Vaccine shows promise in preventing cervical cancer

Follow-up shows 100% effectiveness rate

An investigational vaccine has reduced the incidence of both human papillomavirus type 16 (HPV-16) infection and HPV-16-related cervical intraepithelial neoplasia (pre-cancer of the cervix), according to research published in the Nov. 21, 2002, issue of the New England Journal of Medicine.

In the double-blind study, none of the women who were vaccinated and had not been previously infected with HPV-16 became infected, whereas 3.8% of those who were not vaccinated developed HPV infection each year. "Immuniz-ing HPV-16-negative women [with the vaccine] may reduce their risk of cervical cancer," the researchers concluded.

HPV-16 is the most common type of HPV linked to cancer; it is present in 50% of cervical cancers and high-grade cervical intraepithelial neoplasias and in 25% of low-grade cervical intraepithelial neoplasias. The monovalent vaccine, intended to prevent infection by HPV-16, contains virus-like particles that are devoid of DNA and are not infectious. However, they still generate a potent immune response.

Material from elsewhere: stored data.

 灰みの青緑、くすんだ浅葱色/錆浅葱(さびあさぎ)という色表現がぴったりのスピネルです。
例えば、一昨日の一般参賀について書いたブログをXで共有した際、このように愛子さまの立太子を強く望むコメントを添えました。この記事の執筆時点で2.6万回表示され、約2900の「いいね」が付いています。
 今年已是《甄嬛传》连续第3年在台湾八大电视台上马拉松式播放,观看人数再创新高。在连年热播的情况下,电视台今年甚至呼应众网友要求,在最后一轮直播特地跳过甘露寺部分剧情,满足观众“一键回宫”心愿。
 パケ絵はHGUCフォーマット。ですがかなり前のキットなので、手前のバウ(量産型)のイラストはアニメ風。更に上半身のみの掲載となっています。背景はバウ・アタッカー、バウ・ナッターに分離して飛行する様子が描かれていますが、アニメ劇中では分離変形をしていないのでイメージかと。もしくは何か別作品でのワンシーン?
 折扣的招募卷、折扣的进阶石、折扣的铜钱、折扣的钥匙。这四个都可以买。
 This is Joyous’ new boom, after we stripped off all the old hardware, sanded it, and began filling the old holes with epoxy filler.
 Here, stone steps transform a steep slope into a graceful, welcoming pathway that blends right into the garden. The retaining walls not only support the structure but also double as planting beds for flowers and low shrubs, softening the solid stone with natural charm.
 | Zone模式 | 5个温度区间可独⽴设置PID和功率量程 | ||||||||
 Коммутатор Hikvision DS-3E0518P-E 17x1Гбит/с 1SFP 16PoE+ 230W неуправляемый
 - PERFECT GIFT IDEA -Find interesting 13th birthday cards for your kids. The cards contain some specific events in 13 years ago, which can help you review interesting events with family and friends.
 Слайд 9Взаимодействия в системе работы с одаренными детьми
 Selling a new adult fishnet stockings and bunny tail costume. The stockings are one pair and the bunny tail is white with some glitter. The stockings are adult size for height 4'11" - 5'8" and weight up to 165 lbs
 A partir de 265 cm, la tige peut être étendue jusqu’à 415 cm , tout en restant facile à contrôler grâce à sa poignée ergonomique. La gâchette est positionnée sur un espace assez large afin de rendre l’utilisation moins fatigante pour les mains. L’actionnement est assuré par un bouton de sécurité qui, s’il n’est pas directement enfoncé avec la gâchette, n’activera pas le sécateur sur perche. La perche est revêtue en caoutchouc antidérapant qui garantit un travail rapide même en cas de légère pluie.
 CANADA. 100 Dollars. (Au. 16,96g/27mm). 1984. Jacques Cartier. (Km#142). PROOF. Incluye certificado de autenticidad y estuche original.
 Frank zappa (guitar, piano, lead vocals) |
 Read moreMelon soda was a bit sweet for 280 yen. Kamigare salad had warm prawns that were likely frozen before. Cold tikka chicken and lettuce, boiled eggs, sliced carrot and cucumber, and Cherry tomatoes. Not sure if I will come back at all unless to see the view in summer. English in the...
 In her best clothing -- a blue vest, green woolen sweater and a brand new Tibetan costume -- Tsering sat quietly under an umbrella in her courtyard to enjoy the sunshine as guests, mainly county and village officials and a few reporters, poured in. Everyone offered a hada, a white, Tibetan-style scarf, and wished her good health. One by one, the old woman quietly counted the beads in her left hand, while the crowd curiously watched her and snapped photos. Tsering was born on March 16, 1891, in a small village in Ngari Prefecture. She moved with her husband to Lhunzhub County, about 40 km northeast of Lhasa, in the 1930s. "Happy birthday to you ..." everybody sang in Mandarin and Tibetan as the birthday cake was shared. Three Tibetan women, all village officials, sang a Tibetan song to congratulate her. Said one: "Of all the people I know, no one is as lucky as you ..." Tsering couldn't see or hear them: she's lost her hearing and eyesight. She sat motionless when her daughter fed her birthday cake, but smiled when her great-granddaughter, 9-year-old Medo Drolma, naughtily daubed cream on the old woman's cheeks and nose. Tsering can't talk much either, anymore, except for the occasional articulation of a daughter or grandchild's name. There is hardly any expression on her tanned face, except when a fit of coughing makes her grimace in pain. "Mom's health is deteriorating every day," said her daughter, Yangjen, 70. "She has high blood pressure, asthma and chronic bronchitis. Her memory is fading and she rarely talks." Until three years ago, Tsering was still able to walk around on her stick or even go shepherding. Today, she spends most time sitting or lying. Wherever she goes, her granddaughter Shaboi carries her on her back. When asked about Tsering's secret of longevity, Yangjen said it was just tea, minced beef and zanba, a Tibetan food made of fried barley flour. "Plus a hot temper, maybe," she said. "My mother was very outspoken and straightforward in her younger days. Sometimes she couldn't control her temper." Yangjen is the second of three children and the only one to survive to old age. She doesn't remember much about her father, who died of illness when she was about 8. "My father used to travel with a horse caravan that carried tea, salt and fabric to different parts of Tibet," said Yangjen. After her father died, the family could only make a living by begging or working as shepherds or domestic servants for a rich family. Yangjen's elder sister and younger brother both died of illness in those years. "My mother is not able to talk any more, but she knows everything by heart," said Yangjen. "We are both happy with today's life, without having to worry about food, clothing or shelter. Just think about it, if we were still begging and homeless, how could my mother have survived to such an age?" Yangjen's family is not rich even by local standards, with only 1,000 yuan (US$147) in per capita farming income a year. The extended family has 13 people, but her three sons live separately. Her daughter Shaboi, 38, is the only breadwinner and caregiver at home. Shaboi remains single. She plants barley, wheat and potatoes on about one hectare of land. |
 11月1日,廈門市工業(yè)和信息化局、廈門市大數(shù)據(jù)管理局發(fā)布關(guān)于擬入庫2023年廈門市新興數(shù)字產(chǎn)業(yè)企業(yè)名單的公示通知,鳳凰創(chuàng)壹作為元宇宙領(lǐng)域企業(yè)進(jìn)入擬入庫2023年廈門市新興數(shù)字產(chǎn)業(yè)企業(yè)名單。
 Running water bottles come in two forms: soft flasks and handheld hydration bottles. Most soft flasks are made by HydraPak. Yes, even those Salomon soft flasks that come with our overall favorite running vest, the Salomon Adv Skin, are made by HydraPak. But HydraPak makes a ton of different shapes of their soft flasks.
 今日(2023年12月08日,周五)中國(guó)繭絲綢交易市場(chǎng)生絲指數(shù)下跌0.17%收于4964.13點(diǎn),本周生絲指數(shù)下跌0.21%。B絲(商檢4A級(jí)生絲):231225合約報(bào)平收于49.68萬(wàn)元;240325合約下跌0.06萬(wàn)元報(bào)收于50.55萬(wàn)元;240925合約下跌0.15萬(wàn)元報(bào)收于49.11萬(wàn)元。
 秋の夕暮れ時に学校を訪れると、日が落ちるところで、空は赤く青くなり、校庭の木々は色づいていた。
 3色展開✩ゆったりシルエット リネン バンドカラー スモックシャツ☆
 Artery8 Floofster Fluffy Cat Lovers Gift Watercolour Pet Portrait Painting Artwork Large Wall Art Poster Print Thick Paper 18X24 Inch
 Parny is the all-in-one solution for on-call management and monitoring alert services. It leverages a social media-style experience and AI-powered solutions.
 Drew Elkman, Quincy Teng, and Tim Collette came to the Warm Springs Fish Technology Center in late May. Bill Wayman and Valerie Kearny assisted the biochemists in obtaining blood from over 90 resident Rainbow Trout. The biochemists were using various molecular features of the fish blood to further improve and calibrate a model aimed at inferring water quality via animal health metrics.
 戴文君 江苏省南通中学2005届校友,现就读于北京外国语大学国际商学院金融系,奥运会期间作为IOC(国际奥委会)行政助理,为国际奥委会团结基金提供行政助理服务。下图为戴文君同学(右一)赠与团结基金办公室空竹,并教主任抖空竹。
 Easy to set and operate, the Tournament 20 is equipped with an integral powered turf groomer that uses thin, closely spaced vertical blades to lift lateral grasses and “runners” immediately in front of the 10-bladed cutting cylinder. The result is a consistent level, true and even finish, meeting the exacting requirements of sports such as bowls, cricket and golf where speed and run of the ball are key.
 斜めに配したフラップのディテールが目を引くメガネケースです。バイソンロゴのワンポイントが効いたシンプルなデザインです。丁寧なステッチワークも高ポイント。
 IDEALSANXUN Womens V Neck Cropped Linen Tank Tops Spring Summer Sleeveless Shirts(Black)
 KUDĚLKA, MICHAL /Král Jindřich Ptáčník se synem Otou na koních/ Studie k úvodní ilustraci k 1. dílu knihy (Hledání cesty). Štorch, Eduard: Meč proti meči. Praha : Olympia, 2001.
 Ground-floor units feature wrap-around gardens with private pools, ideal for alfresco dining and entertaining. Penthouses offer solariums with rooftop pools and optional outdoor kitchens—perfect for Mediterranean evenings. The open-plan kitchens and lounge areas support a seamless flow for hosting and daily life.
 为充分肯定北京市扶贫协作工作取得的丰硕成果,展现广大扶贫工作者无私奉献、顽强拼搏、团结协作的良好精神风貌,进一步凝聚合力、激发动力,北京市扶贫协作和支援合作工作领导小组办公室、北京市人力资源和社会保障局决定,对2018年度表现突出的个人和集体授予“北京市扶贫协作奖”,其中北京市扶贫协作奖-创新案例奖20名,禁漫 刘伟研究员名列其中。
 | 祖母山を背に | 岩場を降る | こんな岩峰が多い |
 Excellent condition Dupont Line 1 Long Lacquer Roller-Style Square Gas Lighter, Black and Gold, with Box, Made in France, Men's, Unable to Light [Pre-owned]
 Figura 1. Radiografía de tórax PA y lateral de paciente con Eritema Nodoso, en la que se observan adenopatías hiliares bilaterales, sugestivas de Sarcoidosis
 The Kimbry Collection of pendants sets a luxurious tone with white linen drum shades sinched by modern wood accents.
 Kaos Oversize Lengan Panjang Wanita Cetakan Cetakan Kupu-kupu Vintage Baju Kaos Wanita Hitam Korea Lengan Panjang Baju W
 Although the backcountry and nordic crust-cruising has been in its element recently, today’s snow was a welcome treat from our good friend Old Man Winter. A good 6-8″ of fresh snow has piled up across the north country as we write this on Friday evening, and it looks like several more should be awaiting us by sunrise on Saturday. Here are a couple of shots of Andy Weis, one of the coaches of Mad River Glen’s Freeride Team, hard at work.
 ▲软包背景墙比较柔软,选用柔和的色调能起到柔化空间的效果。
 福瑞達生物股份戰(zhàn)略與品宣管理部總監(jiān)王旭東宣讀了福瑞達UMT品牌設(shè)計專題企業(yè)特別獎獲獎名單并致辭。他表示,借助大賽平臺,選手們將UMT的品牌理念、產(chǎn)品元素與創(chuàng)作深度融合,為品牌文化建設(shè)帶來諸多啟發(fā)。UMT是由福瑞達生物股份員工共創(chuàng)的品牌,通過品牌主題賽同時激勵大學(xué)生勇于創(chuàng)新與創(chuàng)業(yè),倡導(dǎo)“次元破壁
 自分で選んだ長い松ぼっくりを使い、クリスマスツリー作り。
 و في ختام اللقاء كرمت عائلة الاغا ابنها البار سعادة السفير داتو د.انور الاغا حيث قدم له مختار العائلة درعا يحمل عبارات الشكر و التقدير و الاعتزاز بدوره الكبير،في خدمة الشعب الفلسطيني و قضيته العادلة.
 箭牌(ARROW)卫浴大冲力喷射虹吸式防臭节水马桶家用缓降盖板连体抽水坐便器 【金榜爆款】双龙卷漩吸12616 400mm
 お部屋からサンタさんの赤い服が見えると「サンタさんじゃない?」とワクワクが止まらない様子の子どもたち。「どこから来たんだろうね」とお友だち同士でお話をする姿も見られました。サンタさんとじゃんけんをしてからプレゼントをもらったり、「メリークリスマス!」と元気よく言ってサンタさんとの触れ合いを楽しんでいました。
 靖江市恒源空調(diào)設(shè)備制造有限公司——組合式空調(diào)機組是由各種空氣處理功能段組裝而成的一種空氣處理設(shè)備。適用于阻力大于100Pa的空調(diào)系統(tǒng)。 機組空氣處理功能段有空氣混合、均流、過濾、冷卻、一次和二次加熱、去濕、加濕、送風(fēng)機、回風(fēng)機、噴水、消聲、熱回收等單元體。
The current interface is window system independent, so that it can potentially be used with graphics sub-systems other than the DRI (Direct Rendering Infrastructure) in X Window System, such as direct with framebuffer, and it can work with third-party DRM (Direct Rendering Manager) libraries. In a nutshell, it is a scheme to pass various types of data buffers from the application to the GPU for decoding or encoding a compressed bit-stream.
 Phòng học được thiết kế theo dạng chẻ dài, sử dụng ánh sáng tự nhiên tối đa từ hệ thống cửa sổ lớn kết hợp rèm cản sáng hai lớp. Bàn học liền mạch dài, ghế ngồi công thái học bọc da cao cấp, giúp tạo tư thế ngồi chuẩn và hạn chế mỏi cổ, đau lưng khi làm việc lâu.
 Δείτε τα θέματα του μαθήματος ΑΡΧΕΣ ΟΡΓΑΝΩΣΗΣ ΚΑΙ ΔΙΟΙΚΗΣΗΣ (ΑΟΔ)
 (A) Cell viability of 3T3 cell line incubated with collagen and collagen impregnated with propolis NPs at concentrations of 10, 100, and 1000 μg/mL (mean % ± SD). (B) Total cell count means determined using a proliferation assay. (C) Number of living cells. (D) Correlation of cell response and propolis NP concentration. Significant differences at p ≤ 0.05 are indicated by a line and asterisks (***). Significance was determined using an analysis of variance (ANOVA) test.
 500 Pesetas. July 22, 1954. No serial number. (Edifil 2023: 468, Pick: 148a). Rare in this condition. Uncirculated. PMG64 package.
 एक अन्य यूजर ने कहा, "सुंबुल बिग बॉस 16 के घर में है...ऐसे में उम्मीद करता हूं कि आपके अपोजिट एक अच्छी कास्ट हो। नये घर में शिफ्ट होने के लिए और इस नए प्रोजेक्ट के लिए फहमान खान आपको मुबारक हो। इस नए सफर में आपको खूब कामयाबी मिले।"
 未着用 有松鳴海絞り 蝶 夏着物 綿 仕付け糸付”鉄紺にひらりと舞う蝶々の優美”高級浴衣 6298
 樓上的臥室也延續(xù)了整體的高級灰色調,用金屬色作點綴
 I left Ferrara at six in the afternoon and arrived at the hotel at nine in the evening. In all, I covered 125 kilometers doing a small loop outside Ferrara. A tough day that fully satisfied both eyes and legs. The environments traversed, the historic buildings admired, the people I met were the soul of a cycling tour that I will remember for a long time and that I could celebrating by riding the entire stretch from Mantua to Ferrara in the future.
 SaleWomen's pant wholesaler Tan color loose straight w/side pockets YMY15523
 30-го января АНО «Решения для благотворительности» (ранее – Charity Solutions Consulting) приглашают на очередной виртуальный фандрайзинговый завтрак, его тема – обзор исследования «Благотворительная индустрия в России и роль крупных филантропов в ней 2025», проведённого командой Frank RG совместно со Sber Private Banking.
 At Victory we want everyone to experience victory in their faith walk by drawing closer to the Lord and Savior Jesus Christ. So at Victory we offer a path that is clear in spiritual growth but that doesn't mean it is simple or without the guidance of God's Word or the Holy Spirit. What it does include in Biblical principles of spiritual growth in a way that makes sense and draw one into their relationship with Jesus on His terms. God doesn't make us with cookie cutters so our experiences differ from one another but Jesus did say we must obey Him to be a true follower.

To study the vaccine, researchers included 1,533 women ages 16-23 in the primary analysis. The women were not pregnant, reported no prior abnormal Pap smears, and reported that they had had no more than five male sex partners during their lifetime. They were randomly given either three doses of placebo or the HPV-16 vaccine, at day 0, month 2, and month 6.

The primary endpoint was persistent HPV-16 infection, defined as the detection of HPV-16 DNA in samples with use of polymerase chain reaction. At least 31 cases of persistent HPV-16 infection were required for the study to show a statistically significant reduction in the primary endpoint. This occurred at about two years into the study. The women will continue to be followed for a total of four years.

The women were followed for a median of 17.4 months after completing the vaccination regimen. All 41 cases of HPV-16 infection, including nine cases of HPV-16-related cervical intraepithelial neoplasia, occurred in the placebo group.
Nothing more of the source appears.